Vulnerabilities are dense. For a long time, this was not known, and caused a lot of strife, although the busy practitioners remediating millions of vulnerabilities on the front lines probably had less time to think about the philosophical questions of security than we like to think. They had a lot of work to do.

They are dense in the way Jonathan Spring proved from first principles at Carnegie Mellon, connecting vulnerability enumeration to the halting problem. Dense in the way frontier AI models have now confirmed empirically, surfacing thousands of novel, exploitable zero-days across the most audited codebases on the planet.

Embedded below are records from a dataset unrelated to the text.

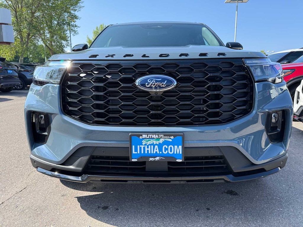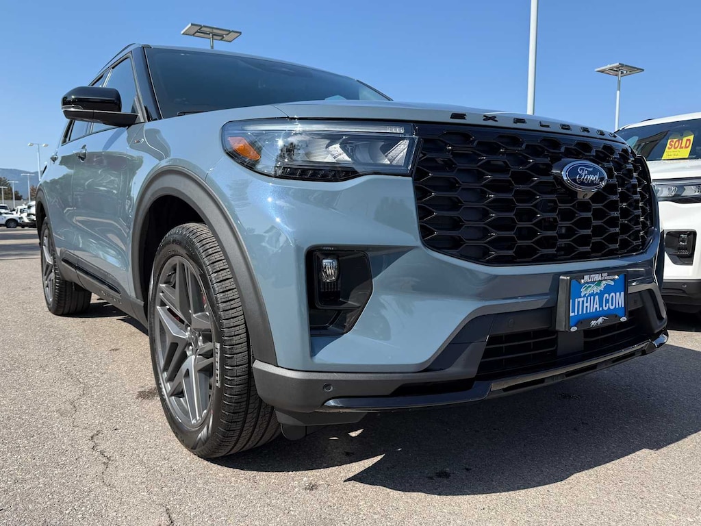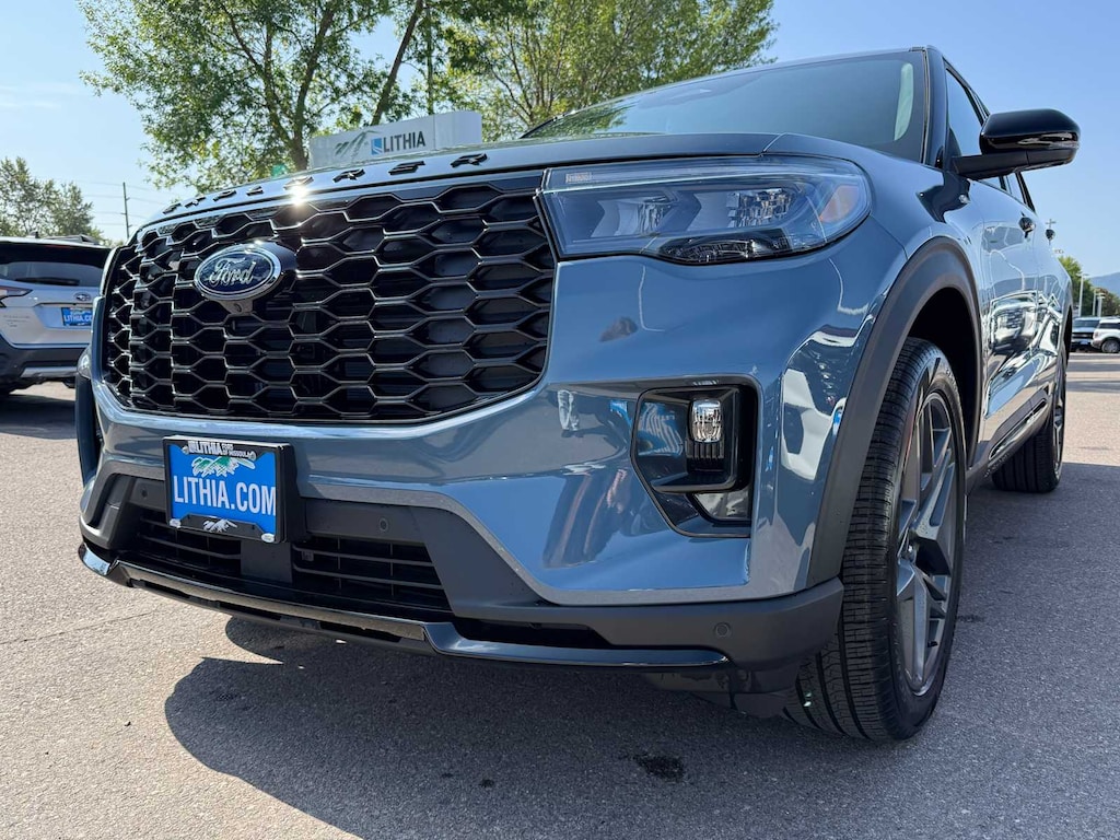 PANORAMIC VISTA ROOF W/POWER SHADE remote control front windows (opens front windows from outside of the vehicle via the key fob), PREMIUM PACKAGE 110V/150W AC Power Outlet, Replaces the powerpoint port on the rear side of the center floor console, Auto-Dimming Interior Rearview Mirror, Memory Drivers Seat, Power-Folding Sideview Mirrors w/Autofold, power and heated glass, LED turn signal indicators, security approach lamps, drivers side auto-dimming and driver and passenger side memory, Rain-Sensing Wipers (Front Only), Ambient Lighting, Wireless Charging Pad, 2nd Row Heated Seats, ST-LINE STREET PACK Wheels: 21 Magnetite-Painted Aluminum, Tires: P275/45R21 AS BSW, Performance Brakes, Red Painted Perf Front & Rear Brake Calipers, 18 SPARE WHEEL & JACK KIT 18 spare tire, 2ND ROW CAPTAINS CHAIRS W/E-Z ENTRY & ARMREST E-Z entry is manually activated, Replaces standard 2nd row 35/30/35 bench seats, TRANSMISSION: 10-SPEED AUTOMATIC (STD). Ford ST-Line with Vapor Blue exterior and Onyx interior features a 4 Cylinder Engine with 300 HP at 5500 RPM*.
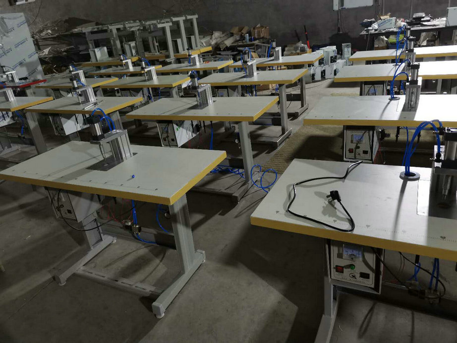 本機以超聲波將綁帶融合于口罩本體兩側(cè),進而完成綁帶式口罩成品,只需一名操作員將口罩片置于超聲波發(fā)生器的頭上,后將綁帶放在口罩片上,腳踏踏板使氣缸向下運動,縫住綁帶和口罩片。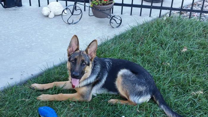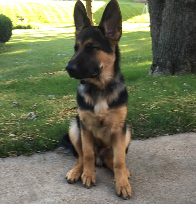 Look at the size of his head for 6 months of age! What a BIG boned GORGEOUS German Shepherd he is !!! Koa resides in the St. Louis area with Glenn and family.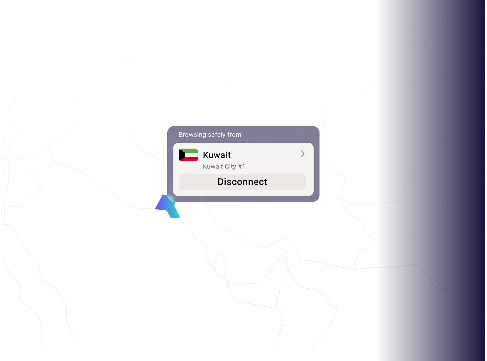 ท่องอินเทอร์เน็ตด้วยที่อยู่ IP ของคูเวตไม่ว่าจะอยู่ที่ใดในโลก โดยเชื่อมต่อกับหนึ่งในเซิร์ฟเวอร์ VPN ในคูเวตที่ปลอดภัย สำหรับผู้ที่ทำการตรวจสอบเครือข่าย ทราฟฟิกเว็บจะปรากฏเสมือนว่าอยู่ในคูเวต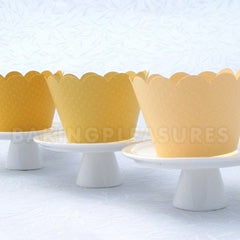 12 pieces of lovely yellow light textured cardstock cupcake wrappers. Yellow Light cupcake wrappers will fit standard (6.35cm base & 5.2cm height) cupcakes.
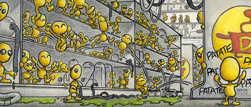 Les prochaines illustrations que j’entame montreront Tomateman qui, de son côté, attaque les Doryphores par voie aérienne avec une armada d’Aigles munis de Pop-Corns rigolards.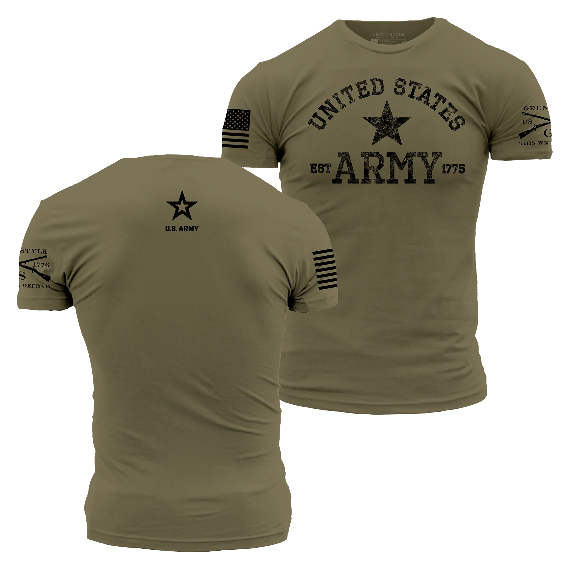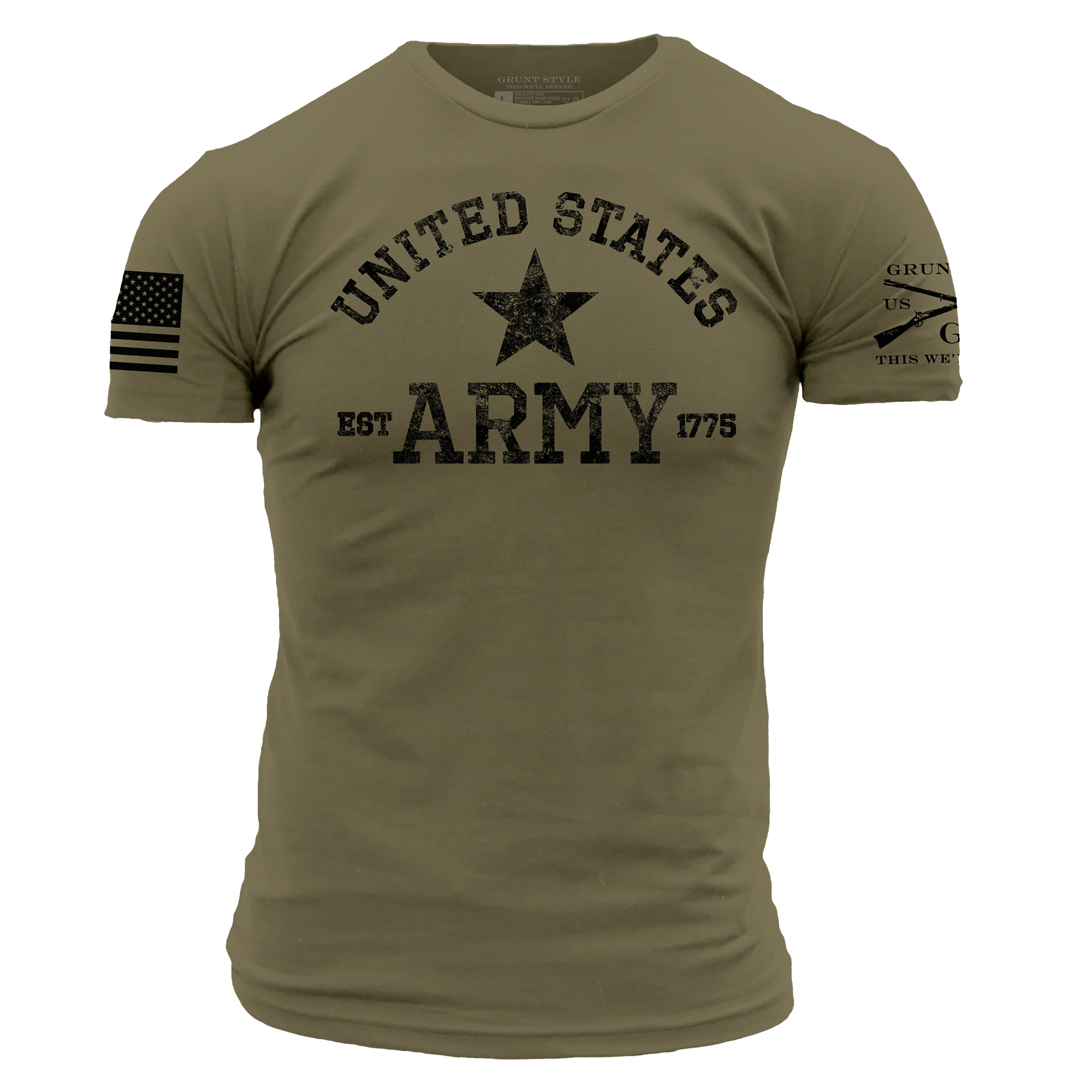 Our Army – Est. 1775 – Military Green Tees are crafted with the following details: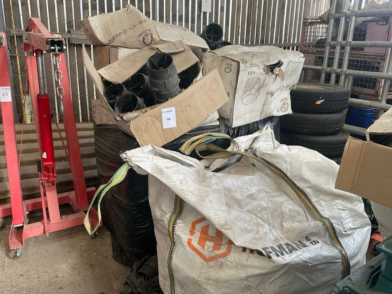 Gestapeld op pallet, diverse kartonnen dozen en 1 bigbag

Dan Geer posed the right question at Black Hat in 2014: are vulnerabilities sparse or dense? If sparse, you can patch your way to safety. If dense, patching without prioritization is the myth of Sisyphus, but the boulder is growing in size. Eleven years later, writing with Dave Aitel in Lawfare, he conceded the terms and moved to the next problem. What the industry needs, he argued, is a "knowing machine" that converts hazards into risks, not a "pointing machine" that merely enumerates flaws and screams equally at all of them. They write:

“Even children learn early to point and name—but knowing the word “dog” doesn’t reveal whether the animal might bite. In cybersecurity, we’ve built systems that similarly point and name vulnerabilities without understanding whether they’re truly dangerous. By embracing AI solely for pattern recognition, we’ve created a powerful “pointing machine” that identifies possible threats but does not comprehend their actual impact. What we need instead is a “knowing machine,” capable of understanding how code functions within complex, real-world environments, recognizing not just hazards but the full context of how and whether those hazards might become genuine risks.”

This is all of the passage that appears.